Support ICU MessageFormat

rxaviers commented 10 years ago

PR: #321

Globalize.formatMessage() should support Message Format as in ICU.

Globalize.loadMessages({
  "en": {
    like: "{count, plural, offset:1" +
      "   =0 {Be the first to like this}" +
      "   =1 {You liked this}" +
      "  one {You and someone else liked this}" +
      "other {You and # others liked this}" +
      "}",
    task: "You have {count, plural," +
      "  one {one task}" +
      "other {# tasks}" +
      "} remaining"
  }
});

var en = new Globalize( "en" );

en.formatMessage( "task", { count: 0 } ); // You have 0 tasks.
en.formatMessage( "task", { count: 1 } ); // You have 1 task.

var likeFormatter = en.messageFormatter( "like" );

[ 0, 1, 2, 3 ].map(function( count ) {
  return taskFormatter({ count: count });
});
// [
//   "Be the first to like this",
//   "You liked this",
//   "You and someone else liked this",
//   "You and 2 others liked this"
// ]

For background purposes...

The original issue has been opened as "Basic .formatMessage()". The goal was to discuss whether or not we should implement a basic .formatMessage() that would reside in globalize.js (core). For a MessageFormat extension, one would load globalize/message.js module.

The discussion here has diverged into Message Format specifics... Considering this discussion has great value and the basic formatMessage has been implemented internally due to #251, I have renamed this issue to "Support MessageFormat".

Follow the original issue description:

We currently have two "message" functions: .loadTranslations( translationData ) and .translate( path ).

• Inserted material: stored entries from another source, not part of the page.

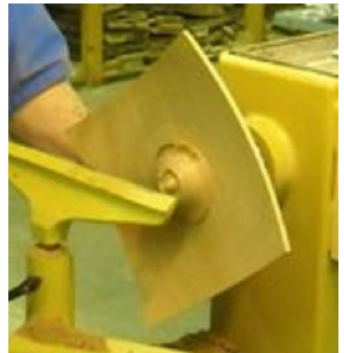
He really made it look easy....
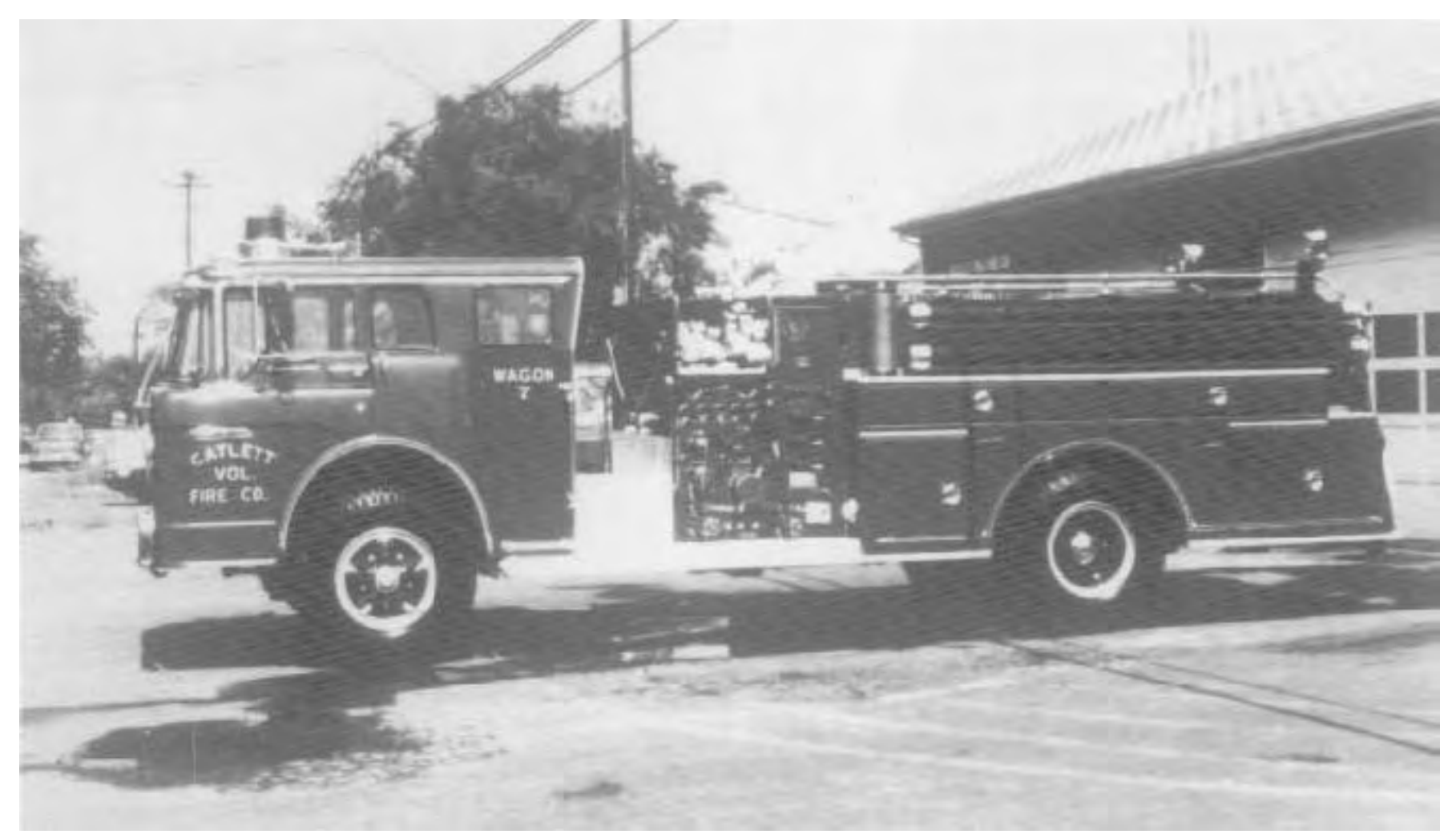
Left side of Wagon 7
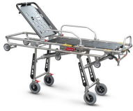
MBS-01 MEBER BARIATRIC STRETCHER 7270 Self loading stretcher for bariatric transport
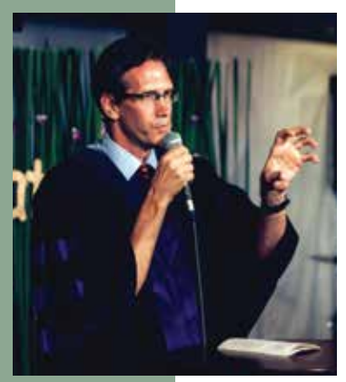
Preaching at graduation.

Philippines, which is in Metro Manila. It didn't take me too long to realize that I would be busy in Fairview. Aside from ministering in the school, I preached seven different times in his church! But it was fun as the members of his church and the Bible school students are so hungry to receive the Word of God.

While they're useful for translations, it doesn't provide any value for formatting messages, eg. variable replacements, plural or select formatting.

:smile:

Globalize( "en" ).translate( "bye" ); // bye
Globalize( "pt" ).translate( "bye" ); // tchau
// Obviously, considering the appropriate translate values have been loaded.

:sob:

Globalize.???( "{0} seconds", 4 ); // 4 seconds
Globalize.???( "{0, plural, one {{0} second} other {{0} seconds}}", 4 ); // 4 seconds
Globalize.???( "{0, select, male {He} female {She}} waited for {1, plural, one {{1} second} other {{1} seconds}}", 4 ); // He waited for 4 seconds

Plural and select formatting requires a parser. But, the variable replacement of the 4 seconds example is easily implementable and is needed in several parts of CLDR.

Given the easiness and necessity of variable replacement and all the above context, I suggest we implement:

.formatMessage( message, data );
.formatMessage( "{0} second", 1 ); // 1 second
.formatMessage( "{0}/{1}", ["m", "s"] ); // m/s
.formatMessage( "{name} <{email}>", {
  name: "Foo",
  email: "bar@baz.qux"
}); // Foo <bar@baz.qux>

The above implementation plus the translation functions have a minified size of ~0.7Kb. Given its size, I want to include all the three functions (loadTranslations(), translate(), and formatMessage() the simple version) in the Core module.

If user needs to format more complex messages, eg. plural or select formatting, he can load plural or other modules and extend the simple .formatMessage() above.

scottgonzalez commented 10 years ago

I'd like to hear from @SlexAxton on this.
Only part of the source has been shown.